### What this task involves
Copy each of the entries below faithfully, setting aside any pictures.

### Recorded data
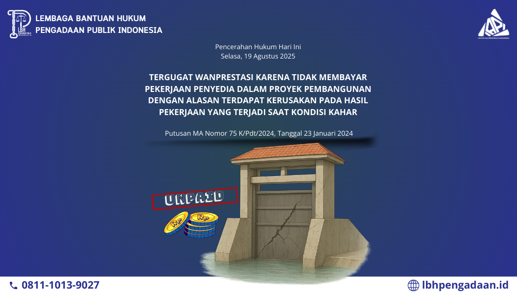 TERGUGAT WANPRESTASI KARENA TIDAK MEMBAYAR PEKERJAAN PENYEDIA DALAM PROYEK PEMBANGUNAN DENGAN ALASAN TERDAPAT KERUSAKAN PADA HASIL PEKERJAAN YANG TERJADI SAAT KONDISI KAHAR
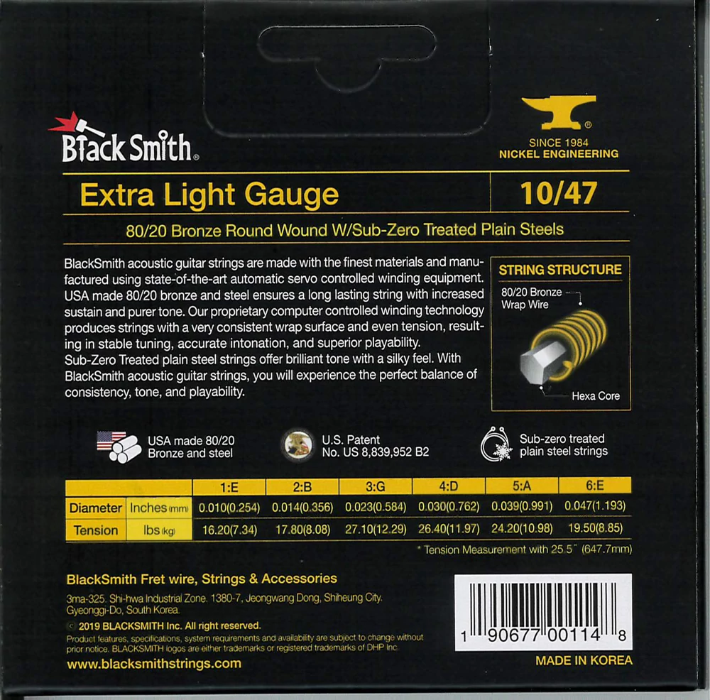 A BlackSmith akusztikus gitár húrok a legkiválóbb alapanyagokból készülnek a legmodernebb tekercselő berendezés használatával. Az USA-ban gyártott 80/20 bronz és acél hosszú élettartamot és megnövelt hangkitartást biztosít. Számítógépvezérelt technológiával egyenletes tekercselést és húrnyomást kapunk, ami stabil hangolást, pontos intonációt és kiváló játszhatóságot eredményez. A fagyasztással kezelt acél húrok csilingelő hangzást és lágy tapintást adnak. Ez együttesen biztosítja a konzisztencia, a hangszín, a tartósság és a teljesítmény tökéletes egyensúlyát. Az egyedülálló, szabadalmazott vákuumzárású, csavarodásmentes csomagolásnak köszönhetően a húr nem rozsdásodik és nem sérül.
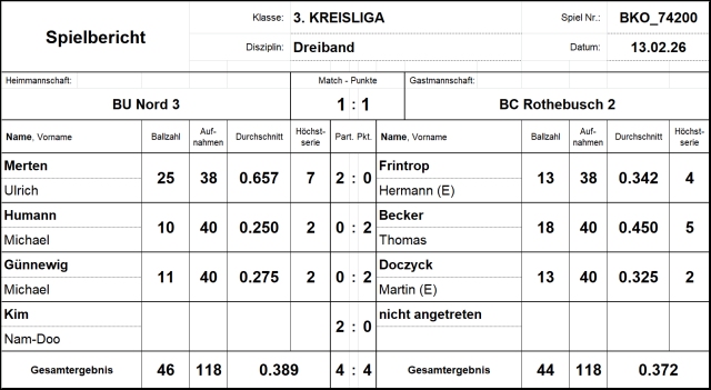 Michael Günnewig und Martin Doczyck spielten an Brett 3 eine umkämpfte Partie, in der Martin knapp mit 13:11 gewinnen konnte. In der zweiten Spielrunde fand Michael Humann gegen Thomas Becker nicht zu seinem Spiel und verlor mit 10:18. Anders sah das an Brett 1 aus, an dem Uli Merten gegen Hermann Frintrop die Partie in der 38. Aufnahme ausmachte – Glückwunsch zum Sieg mit GD 0.657 und einer Höchstserie von 7 Points. Insgesamt endete der Mannschaftskampf somit 4:4.
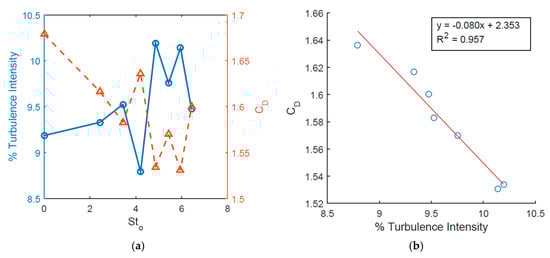 Effect of time and spatially averaged turbulence intensity at the rear of the cylinder on as a function of : (a) Change in turbulence intensity and with ; (b) Change in with turbulence intensity.
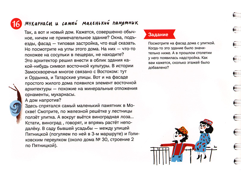 В самом начале книги помещена краткая история Замоскворечья, изложенная просто и понятно. Ее можно прочесть еще дома, выбирая маршрут предстоящего путешествия. Все маршруты снабжены подробными картами с нарисованными на них усадьбами, храмами и другими строениями. Дети легко смогут сами находить дорогу от одного нужного объекта до другого (все они помечены порядковыми номерами на карте и в тексте). Кроме того, на каждом развороте дана крупная иллюстрация здания, которое предлагается исследовать, так что пройти мимо или перепутать его с другим никак не получится. А на обороте страницы помещен небольшой текст об этом сооружении, наполненный неожиданными фактами, и несколько заданий-вопросов. Например, 16 пункт маршрута по Большой Ордынке посвящен загадочным «мукарнасам» и самому маленькому памятнику в Москве. Разумеется, любой уважающий себя восьмилетка спросит, что это за памятник и кто такие «мукарнасы». И, конечно, очень удивится, когда прочтет. Или пункт 9 маршрута от Пятницкой до Новокузнецкой, где нужно искать дом со львами и считать всех львов (младшие школьники почему-то особенно любят такие задания-«искалочки»). Или вопрос из 5-го пункта маршрута по переулкам Замоскворечья: зачем на здании Школы живописи в Толмачевском переулке помещено изображение кенгуру? Действительно, зачем? Конечно, дети задумаются и, скорее всего, запомнят этот дом.
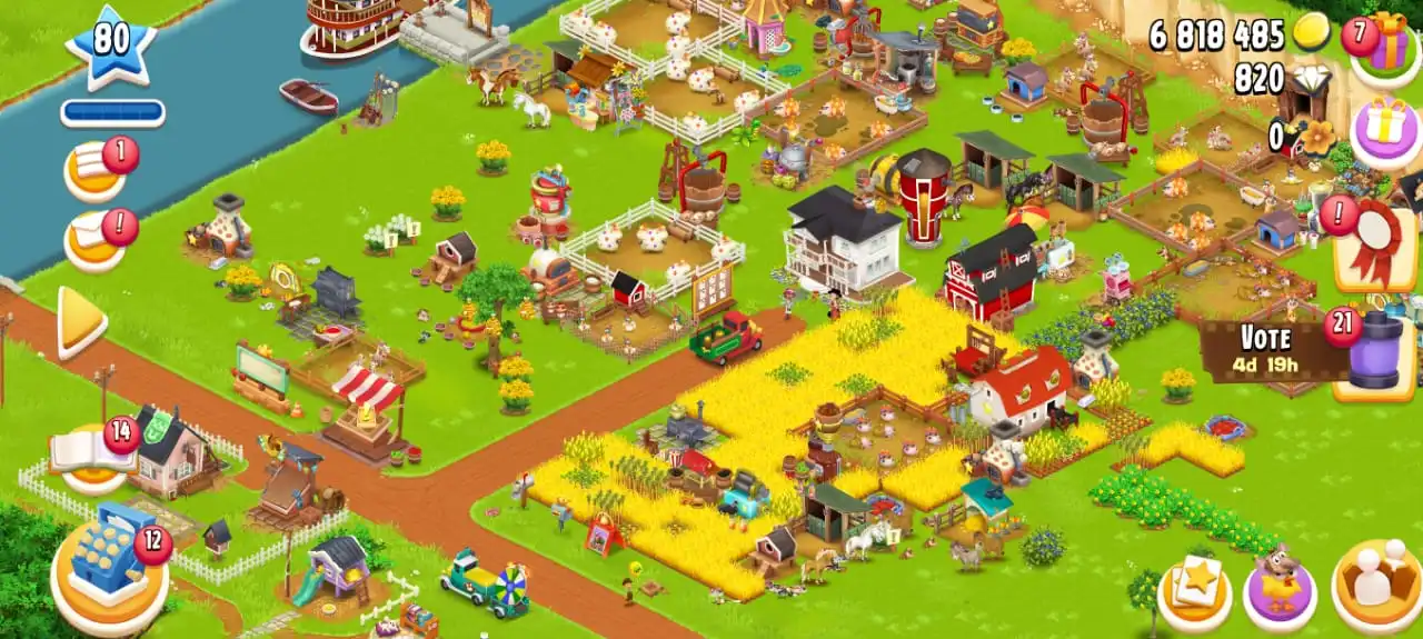 LEVEL 80 | 6000 Barn Storage | Fully Filled with Barn Tools | Mail Land Open | 2000 Silo Storage | 6.8M+ Coins & 820 Diamonds | Instant Delivery
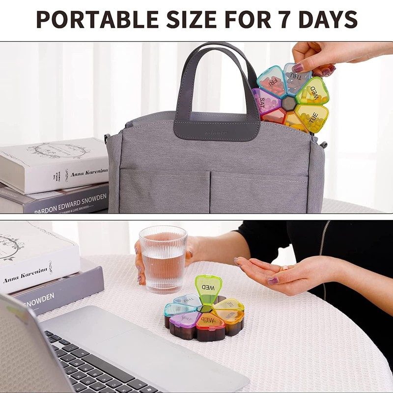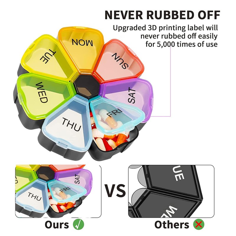 - 【Food Grade PP Materials】 -- The 7 day pill container is made of food grade PP material, safe to keep your daily medication. Rainbow color lids and bigger week day labels, make managing your weekly medicine simple
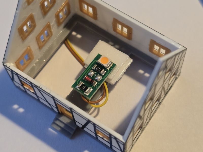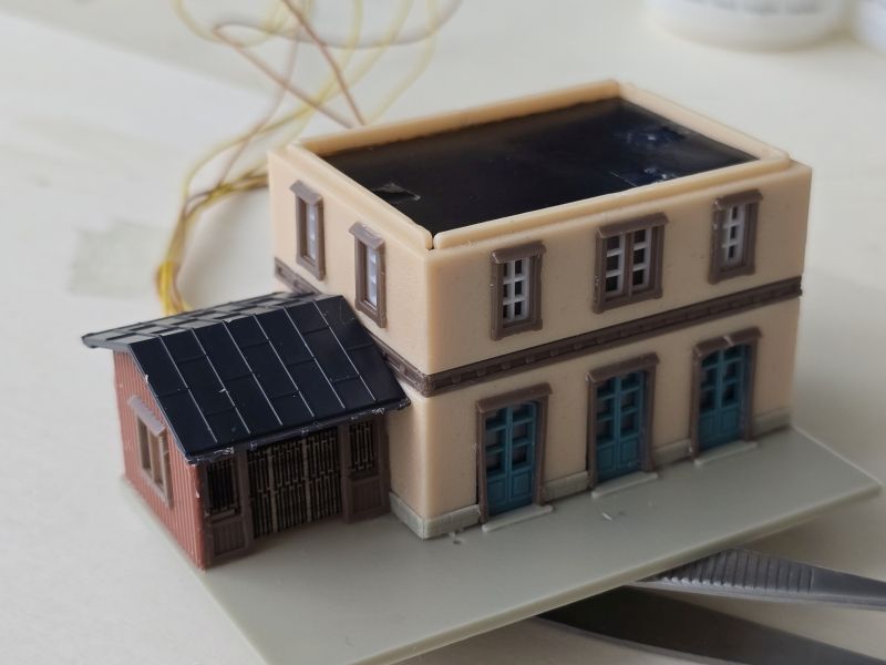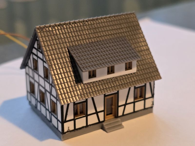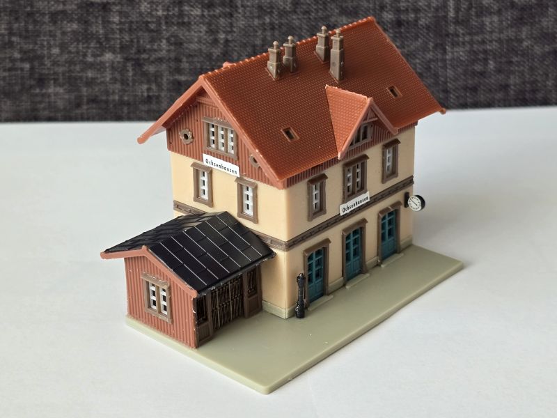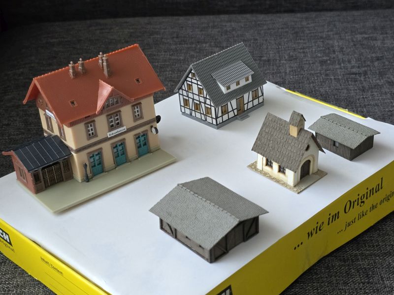 Ende Jänner habe ich mit dem Bau der Gebäude für meinen ‚Grünen Koffer – Gläserner Zug‘ begonnen. Dabei hat es sich um das ‚Kleingebäudeset‘ (Fa. NOCH), sowie um das ‚Fachwerkhaus‘ und den ‚Bahnhof Ochsenhausen‘ (Fa. FALLER) gehandelt. Den ‚Bahnhof Ochsenhausen‘ habe ich ohne ‚Güterhalle‘ gebaut, da er ansonst zu groß gewesen wäre. Anfang Februar waren alle Gebäude, natürlich mit Beleuchtung, fertiggestellt.
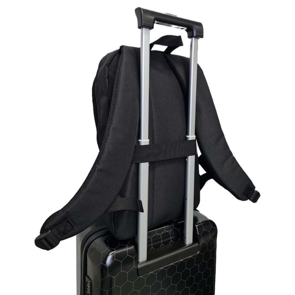 Nahrbtnik za prenosni računalnik do 16" ponuja predvsem praktičnost in udobje na potovanjih. Deset predelkov ponuja veliko prostora za vaše naprave in dodatke. Na voljo so poseben oblazinjen predel za prenosni računalnik, velik glavni predel za shranjevanje polnilnika, slušalk ali drugih obsežnih predmetov, notranji žep za denarnico z zadrgo, organizator za dodatke, sprednji žep s hitrim dostopom za denarnico ali pisala ali majhen sprednji žep za hiter dostop do telefona. Nahrbtnik ima tudi trak za pritrditev na prtljago med potovanjem.
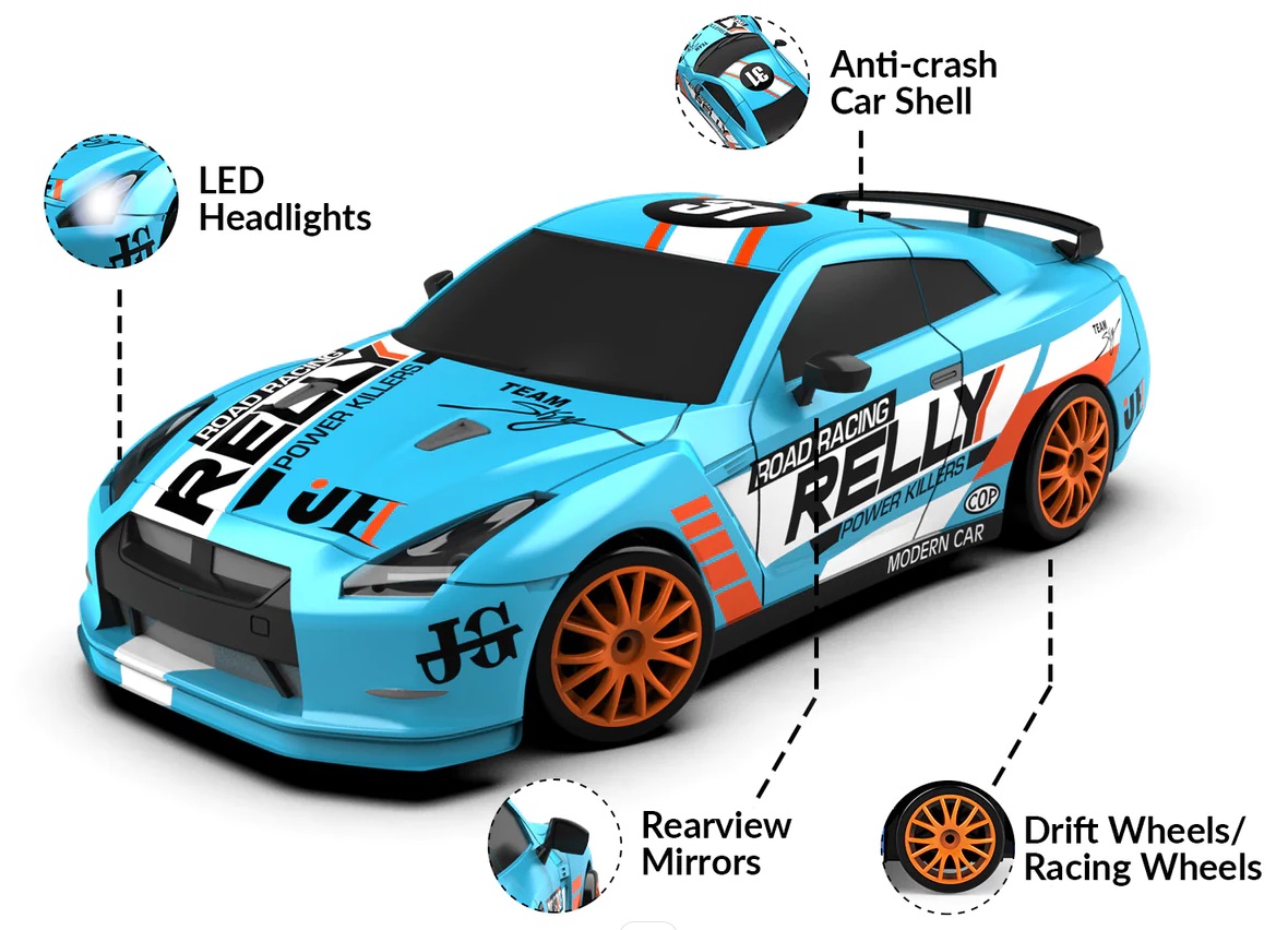 Zapraszamy do wspaniałego świata prędkości z naszym zdalnie sterowanym modelem RC RACENT Thrill Rider. Model ten posiada napęd 4x4, osiągający prędkość do 15 km/h. Doskonały zarówno do wyścigów w pomieszczeniach, jak i na zewnątrz. Wyposażony w wymienne opony do wyścigów i driftingu, umożliwiając szybką zmianę stylu jazdy. Wzbogać nocne wyścigi dzięki wbudowanemu oświetleniu LED w naszym modelu RC drift car. W zestawie znajdziesz 2 akumulatory, zapewniające długie godziny zabawy. Będzie to doskonały prezent dla dzieci i dorosłych! Bez względu na wiek czy płeć, nasz zdalnie sterowany samochód to gwarancja ekscytujących wyścigów i godzinnej rozrywki. Modele drift cars doskonale się prowadzą, zapewniając realistyczne doznania z jazdy. Zaprojektowane z najwyższej jakości materiałów, gwarantują trwałość i długotrwałą wydajność.

### Exercise response
 TERGUGAT WANPRESTASI KARENA TIDAK MEMBAYAR PEKERJAAN PENYEDIA DALAM PROYEK PEMBANGUNAN DENGAN ALASAN TERDAPAT KERUSAKAN PADA HASIL PEKERJAAN YANG TERJADI SAAT KONDISI KAHAR
 A BlackSmith akusztikus gitár húrok a legkiválóbb alapanyagokból készülnek a legmodernebb tekercselő berendezés használatával. Az USA-ban gyártott 80/20 bronz és acél hosszú élettartamot és megnövelt hangkitartást biztosít. Számítógépvezérelt technológiával egyenletes tekercselést és húrnyomást kapunk, ami stabil hangolást, pontos intonációt és kiváló játszhatóságot eredményez. A fagyasztással kezelt acél húrok csilingelő hangzást és lágy tapintást adnak. Ez együttesen biztosítja a konzisztencia, a hangszín, a tartósság és a teljesítmény tökéletes egyensúlyát. Az egyedülálló, szabadalmazott vákuumzárású, csavarodásmentes csomagolásnak köszönhetően a húr nem rozsdásodik és nem sérül.
 Michael Günnewig und Martin Doczyck spielten an Brett 3 eine umkämpfte Partie, in der Martin knapp mit 13:11 gewinnen konnte. In der zweiten Spielrunde fand Michael Humann gegen Thomas Becker nicht zu seinem Spiel und verlor mit 10:18. Anders sah das an Brett 1 aus, an dem Uli Merten gegen Hermann Frintrop die Partie in der 38. Aufnahme ausmachte – Glückwunsch zum Sieg mit GD 0.657 und einer Höchstserie von 7 Points. Insgesamt endete der Mannschaftskampf somit 4:4.
 Effect of time and spatially averaged turbulence intensity at the rear of the cylinder on as a function of : (a) Change in turbulence intensity and with ; (b) Change in with turbulence intensity.
 В самом начале книги помещена краткая история Замоскворечья, изложенная просто и понятно. Ее можно прочесть еще дома, выбирая маршрут предстоящего путешествия. Все маршруты снабжены подробными картами с нарисованными на них усадьбами, храмами и другими строениями. Дети легко смогут сами находить дорогу от одного нужного объекта до другого (все они помечены порядковыми номерами на карте и в тексте). Кроме того, на каждом развороте дана крупная иллюстрация здания, которое предлагается исследовать, так что пройти мимо или перепутать его с другим никак не получится. А на обороте страницы помещен небольшой текст об этом сооружении, наполненный неожиданными фактами, и несколько заданий-вопросов. Например, 16 пункт маршрута по Большой Ордынке посвящен загадочным «мукарнасам» и самому маленькому памятнику в Москве. Разумеется, любой уважающий себя восьмилетка спросит, что это за памятник и кто такие «мукарнасы». И, конечно, очень удивится, когда прочтет. Или пункт 9 маршрута от Пятницкой до Новокузнецкой, где нужно искать дом со львами и считать всех львов (младшие школьники почему-то особенно любят такие задания-«искалочки»). Или вопрос из 5-го пункта маршрута по переулкам Замоскворечья: зачем на здании Школы живописи в Толмачевском переулке помещено изображение кенгуру? Действительно, зачем? Конечно, дети задумаются и, скорее всего, запомнят этот дом.
 LEVEL 80 | 6000 Barn Storage | Fully Filled with Barn Tools | Mail Land Open | 2000 Silo Storage | 6.8M+ Coins & 820 Diamonds | Instant Delivery
 - 【Food Grade PP Materials】 -- The 7 day pill container is made of food grade PP material, safe to keep your daily medication. Rainbow color lids and bigger week day labels, make managing your weekly medicine simple
 Ende Jänner habe ich mit dem Bau der Gebäude für meinen ‚Grünen Koffer – Gläserner Zug‘ begonnen. Dabei hat es sich um das ‚Kleingebäudeset‘ (Fa. NOCH), sowie um das ‚Fachwerkhaus‘ und den ‚Bahnhof Ochsenhausen‘ (Fa. FALLER) gehandelt. Den ‚Bahnhof Ochsenhausen‘ habe ich ohne ‚Güterhalle‘ gebaut, da er ansonst zu groß gewesen wäre. Anfang Februar waren alle Gebäude, natürlich mit Beleuchtung, fertiggestellt.
 Nahrbtnik za prenosni računalnik do 16" ponuja predvsem praktičnost in udobje na potovanjih. Deset predelkov ponuja veliko prostora za vaše naprave in dodatke. Na voljo so poseben oblazinjen predel za prenosni računalnik, velik glavni predel za shranjevanje polnilnika, slušalk ali drugih obsežnih predmetov, notranji žep za denarnico z zadrgo, organizator za dodatke, sprednji žep s hitrim dostopom za denarnico ali pisala ali majhen sprednji žep za hiter dostop do telefona. Nahrbtnik ima tudi trak za pritrditev na prtljago med potovanjem.
 Zapraszamy do wspaniałego świata prędkości z naszym zdalnie sterowanym modelem RC RACENT Thrill Rider. Model ten posiada napęd 4x4, osiągający prędkość do 15 km/h. Doskonały zarówno do wyścigów w pomieszczeniach, jak i na zewnątrz. Wyposażony w wymienne opony do wyścigów i driftingu, umożliwiając szybką zmianę stylu jazdy. Wzbogać nocne wyścigi dzięki wbudowanemu oświetleniu LED w naszym modelu RC drift car. W zestawie znajdziesz 2 akumulatory, zapewniające długie godziny zabawy. Będzie to doskonały prezent dla dzieci i dorosłych! Bez względu na wiek czy płeć, nasz zdalnie sterowany samochód to gwarancja ekscytujących wyścigów i godzinnej rozrywki. Modele drift cars doskonale się prowadzą, zapewniając realistyczne doznania z jazdy. Zaprojektowane z najwyższej jakości materiałów, gwarantują trwałość i długotrwałą wydajność.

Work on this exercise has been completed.